00:07:45.099 This is a standard maintained by an organization called OASIS, which stands for the Organization for the Advancement of Structured Information Standards.
00:07:52.440 SAML is probably the protocol they are best known for.
00:07:59.220 It was the first single sign-on protocol for web applications to achieve widespread adoption.
00:08:07.620 By the mid-2000s, many large organizations like Google and Oracle were using SAML in their products and promoting its adoption.
00:08:14.700 Like all new standards, early versions had some issues, leading to a couple of revisions.
00:08:20.640 Version 2.0 is what everyone typically refers to today.
00:08:27.059 Now, I think the name of the protocol is somewhat misleading because SAML is much more than just a markup language.
00:08:34.560 The specification covers both the message format and the way they’re communicated between systems, making it a true protocol.
00:08:41.640 There are a few other terms specific to SAML that I think are helpful to define as well.
00:08:48.240 An identity provider is the system holding the user information and checking passwords.
00:08:56.040 A service provider is the entity the user is trying to access.

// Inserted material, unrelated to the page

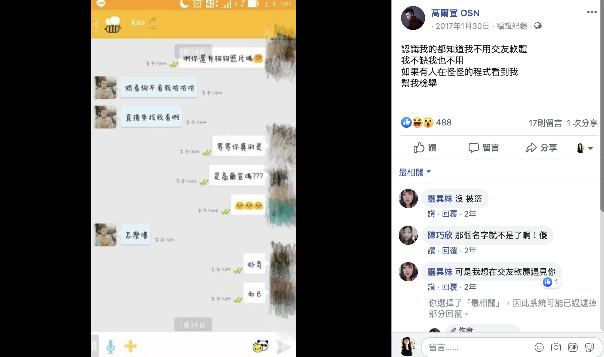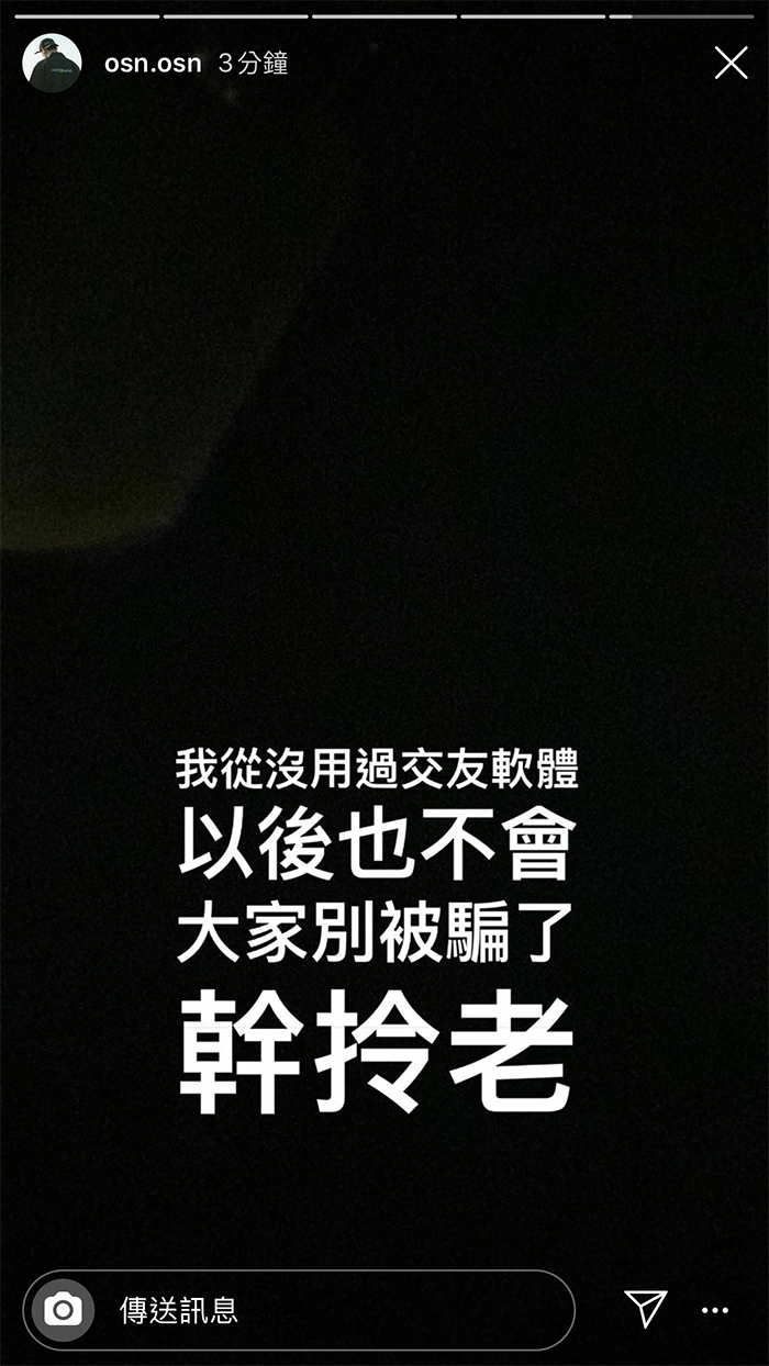 然而在分手消息曝光後,高爾宣上週日(5)在IG限時動態中突然發了一段黑底的文字,寫下:「我從沒用過交友軟體,以後也不會,大家別被騙了,幹拎老」,怒到直接飆罵髒話,而早在2017年時高爾宣就曾在臉書粉絲專頁上發文說到:「認識我的都知道我不用交友軟體,我不缺我也不用,如果有人在怪怪的程式看到我,幫我檢舉」,更附上有人盜用他的身份在beetalk的聊天畫面,時隔兩年又再度被人盜用身份。

00:09:03.000 An assertion is a statement the identity provider makes to the service provider about the user.
00:09:10.200 An assertion can be positive, recognizing the user, or negative, stating that login failed.
00:09:16.920 Here’s an example of an assertion—this is the simplest version. As you can see, they’re XML documents and generally quite large.

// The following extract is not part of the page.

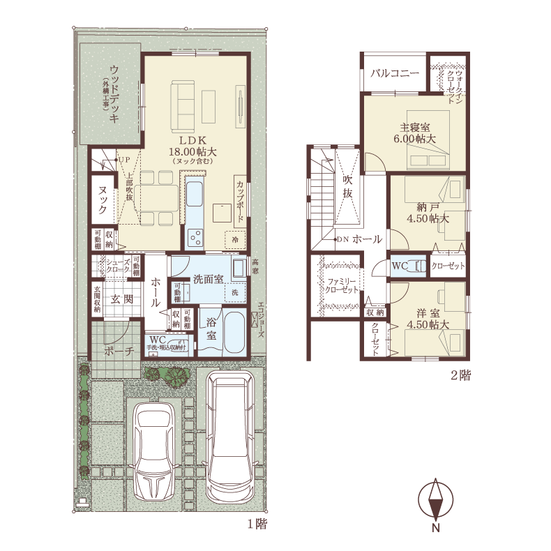 スタイリッシュなアイアン手摺のヒナ壇階段下部にヌックを設けました。キッチンを中心にLDK・洗面・ホールを回遊できる“家事楽”動線が魅力のプランです。

00:09:24.540 This can sometimes cause problems, which we’ll discuss later.
00:09:31.459 Importantly, authentication can be initiated at either end.
00:09:37.440 As a user, I can start with the identity provider and ask it to authenticate me for a service.
00:09:44.220 Alternatively, I can start with the service and request that the identity provider authenticates me.
00:09:51.840 Both of these workflows are valid.
00:09:57.720 Messages are exchanged between systems via SAML bindings.
00:10:04.560 SAML is designed for web applications, thus everything occurs over HTTP.
00:10:10.560 This can involve a GET request, POST request, or a more complex process called artifact resolution, which we’ll detail shortly.
00:10:18.300 Let’s try a practical illustration to make this concept more concrete.
00:10:27.180 Imagine we have a library of rare books and a patron named Alice who wants to see one.
00:10:32.640 Alice goes to the fiction desk and asks to see their first edition of The Hobbit.
00:10:40.860 Bob, the friendly librarian, isn’t permitted to check library cards, so he redirects her to Carol.
00:10:49.740 Carol is responsible for validating library cards.
00:10:56.400 Alice approaches Carol, provides her library card, and Carol verifies Alice’s record.
00:11:04.740 Carol checks if Alice is a registered patron in good standing, ensuring she doesn’t have excessive fines or other issues.
00:11:10.560 Satisfied that Alice is a good patron, Carol writes a signed letter to Bob.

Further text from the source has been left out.